**Problem requirements:**
The records follow. Copy them exactly, but omit the pictures.

[Extracted data entries]
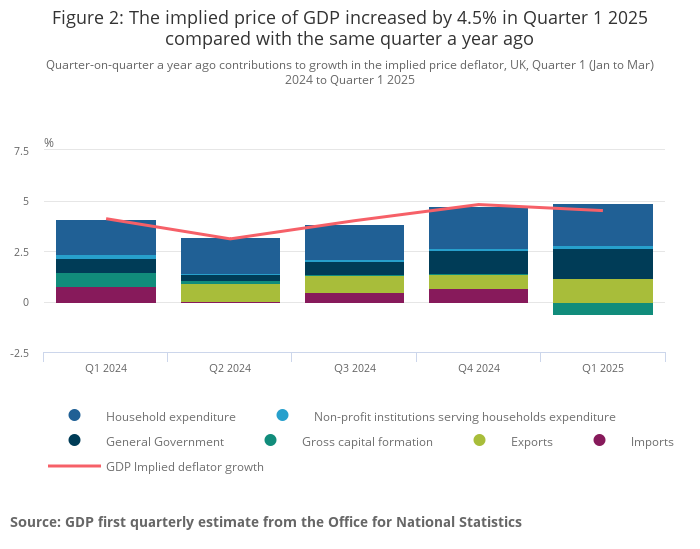 Quarter-on-quarter a year ago contributions to growth in the implied price deflator, UK, Quarter 1 (Jan to Mar) 2024 to Quarter 1 2025
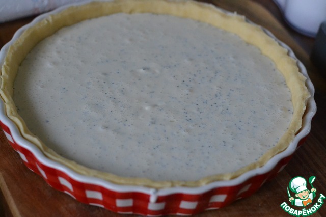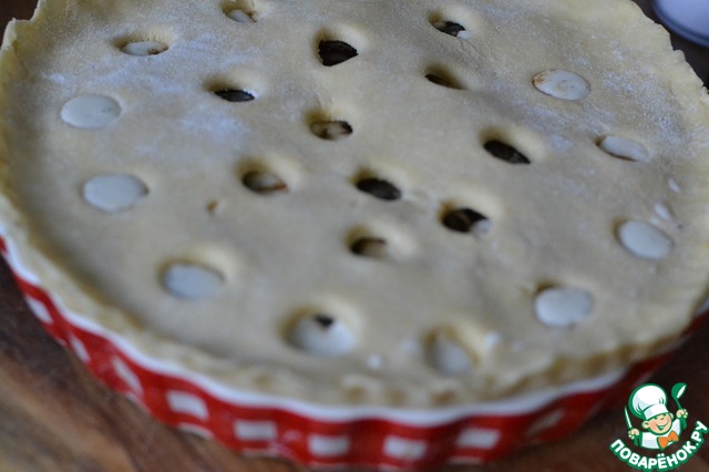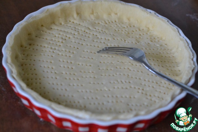 Вторую часть теста выкладываем в форму для выпечки диаметром 20см. Формируем бортики. Проколость тесто вилкой и оставить в холодильнике на 30 минут.
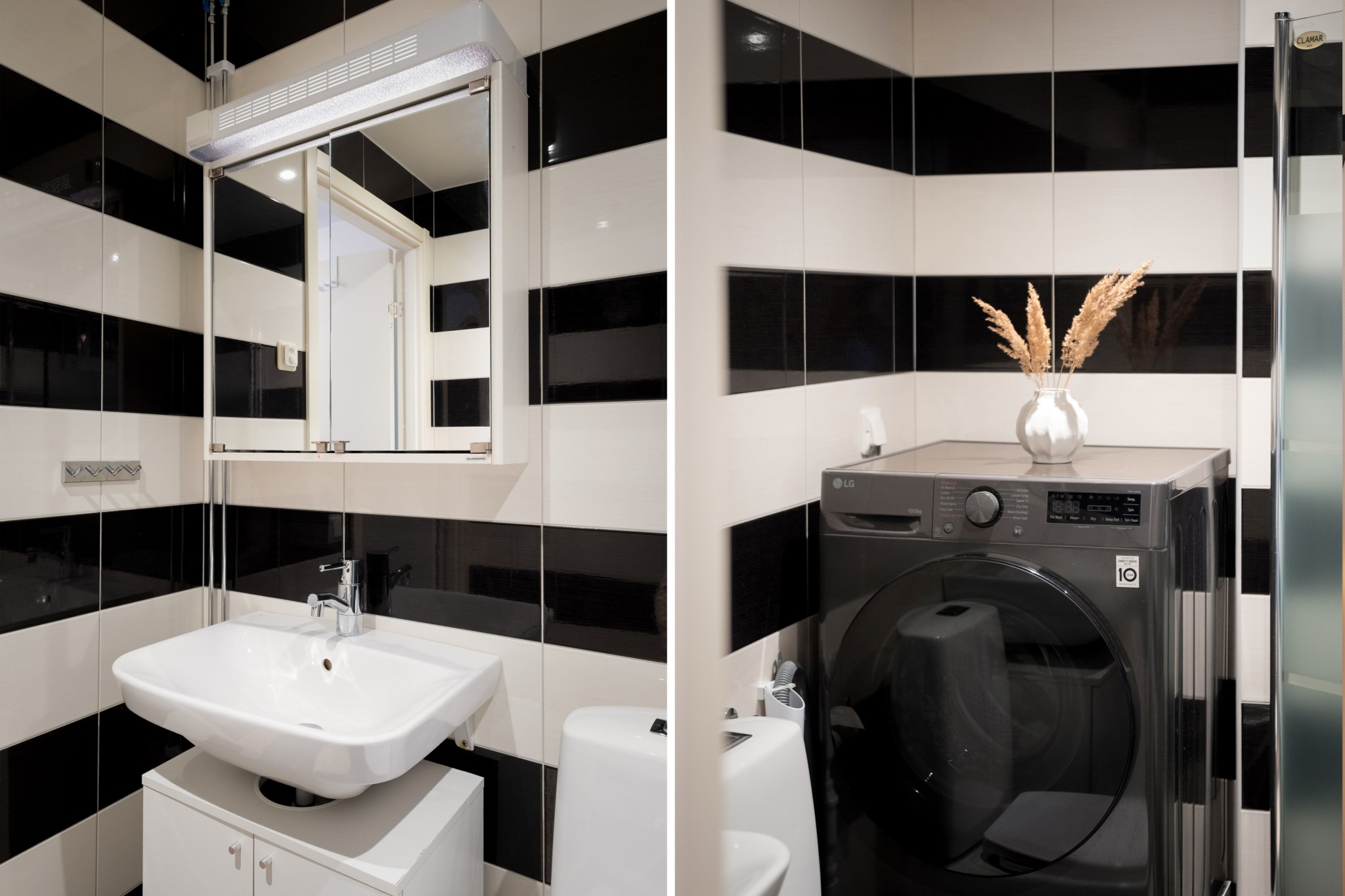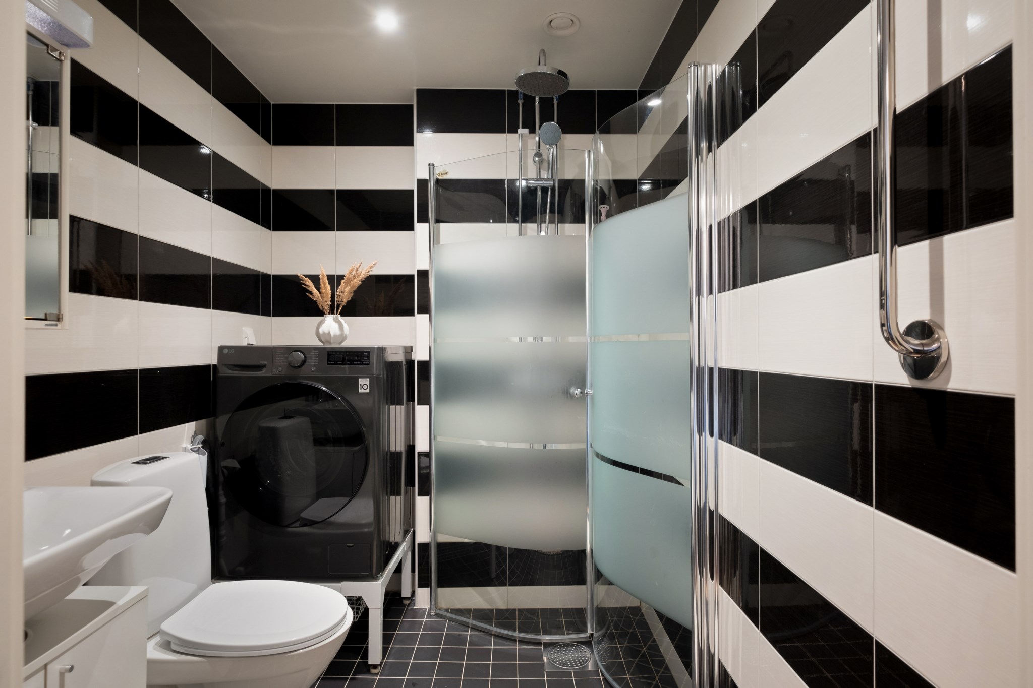 Fräscht helkaklat badrum. Badrumsutrustningen består av wc, handfat i kommod, spegel, dusch med vikbara glasväggar samt en mycket praktisk kombinerad tvättmaskin och torktumlare.
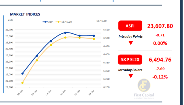 The ASPI closed at 23,608, down by nearly 1 point while S&P SL20 index moved down by 8 points to close the day at 6,495. Top negative contributors for the ASPI were JKH, DOCK, DFCC, SFCL and HHL.
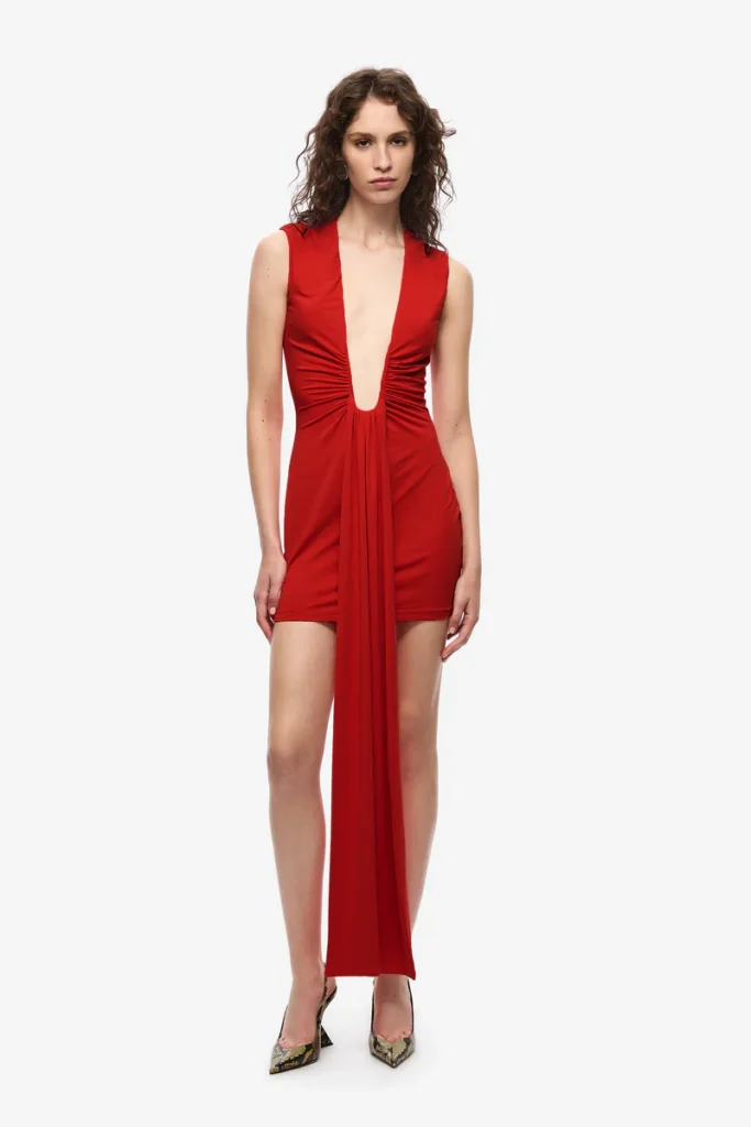 The Jennifer Cupro Mini Dress in Red, a shorter take on our new signature Jennifer Cupro Maxi Dress.
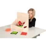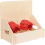 Die Handhabung ist denkbar einfach und genial zugleich: Durch eine unauffällige Öffnung auf der Rückseite werden verschiedene Gegenstände im Kasten platziert – von Naturmaterialien wie Tannenzapfen und Steinen bis hin zu Alltagsgegenständen oder geometrischen Formen. Die Kinder stecken ihre Hände durch die beiden vorderen Öffnungen mit weichen Stoffmanschetten und versuchen, nur durch Ertasten die verborgenen Objekte zu identifizieren. Die hohe Vorderseite dient dabei als cleverer Sichtschutz, der neugierige Blicke fernhält und für ein faires, spannendes Spielerlebnis sorgt.
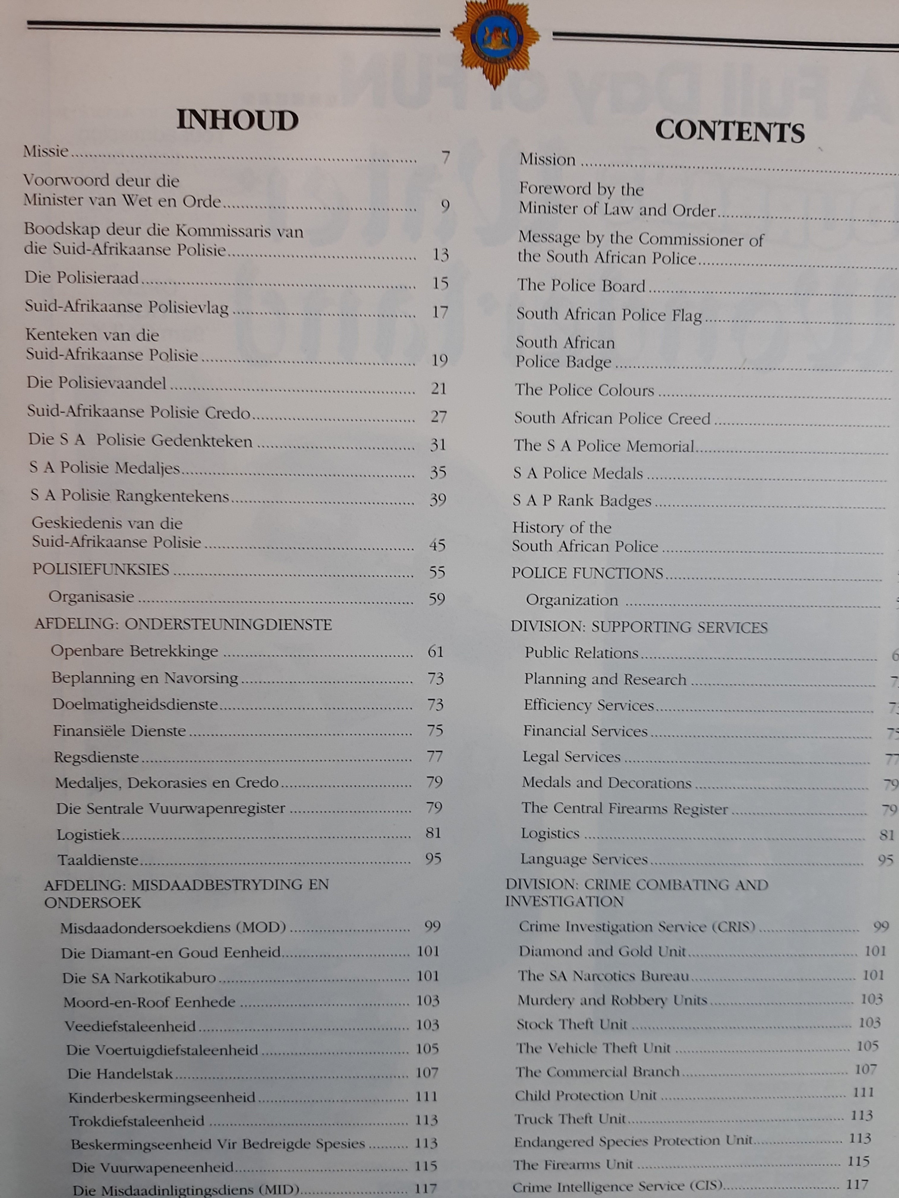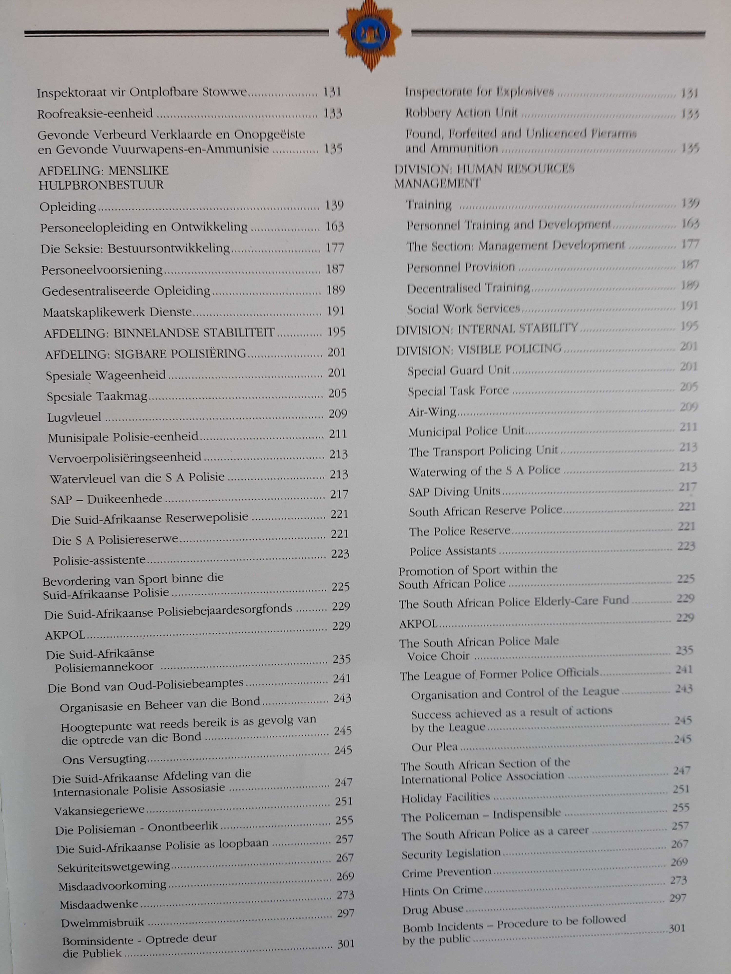This Yearbook is filled to the brim with pictures and Information of the last Year of the existence of the South African Police Force pre the 1994 amalgamation with the other Police Agencies in South Africa. This is a highly wanted piece of history of the SAP and a Collectors dream.

**Answer section:**
 Quarter-on-quarter a year ago contributions to growth in the implied price deflator, UK, Quarter 1 (Jan to Mar) 2024 to Quarter 1 2025
 Вторую часть теста выкладываем в форму для выпечки диаметром 20см. Формируем бортики. Проколость тесто вилкой и оставить в холодильнике на 30 минут.
 Fräscht helkaklat badrum. Badrumsutrustningen består av wc, handfat i kommod, spegel, dusch med vikbara glasväggar samt en mycket praktisk kombinerad tvättmaskin och torktumlare.
 The ASPI closed at 23,608, down by nearly 1 point while S&P SL20 index moved down by 8 points to close the day at 6,495. Top negative contributors for the ASPI were JKH, DOCK, DFCC, SFCL and HHL.
 The Jennifer Cupro Mini Dress in Red, a shorter take on our new signature Jennifer Cupro Maxi Dress.
 Die Handhabung ist denkbar einfach und genial zugleich: Durch eine unauffällige Öffnung auf der Rückseite werden verschiedene Gegenstände im Kasten platziert – von Naturmaterialien wie Tannenzapfen und Steinen bis hin zu Alltagsgegenständen oder geometrischen Formen. Die Kinder stecken ihre Hände durch die beiden vorderen Öffnungen mit weichen Stoffmanschetten und versuchen, nur durch Ertasten die verborgenen Objekte zu identifizieren. Die hohe Vorderseite dient dabei als cleverer Sichtschutz, der neugierige Blicke fernhält und für ein faires, spannendes Spielerlebnis sorgt.
This Yearbook is filled to the brim with pictures and Information of the last Year of the existence of the South African Police Force pre the 1994 amalgamation with the other Police Agencies in South Africa. This is a highly wanted piece of history of the SAP and a Collectors dream.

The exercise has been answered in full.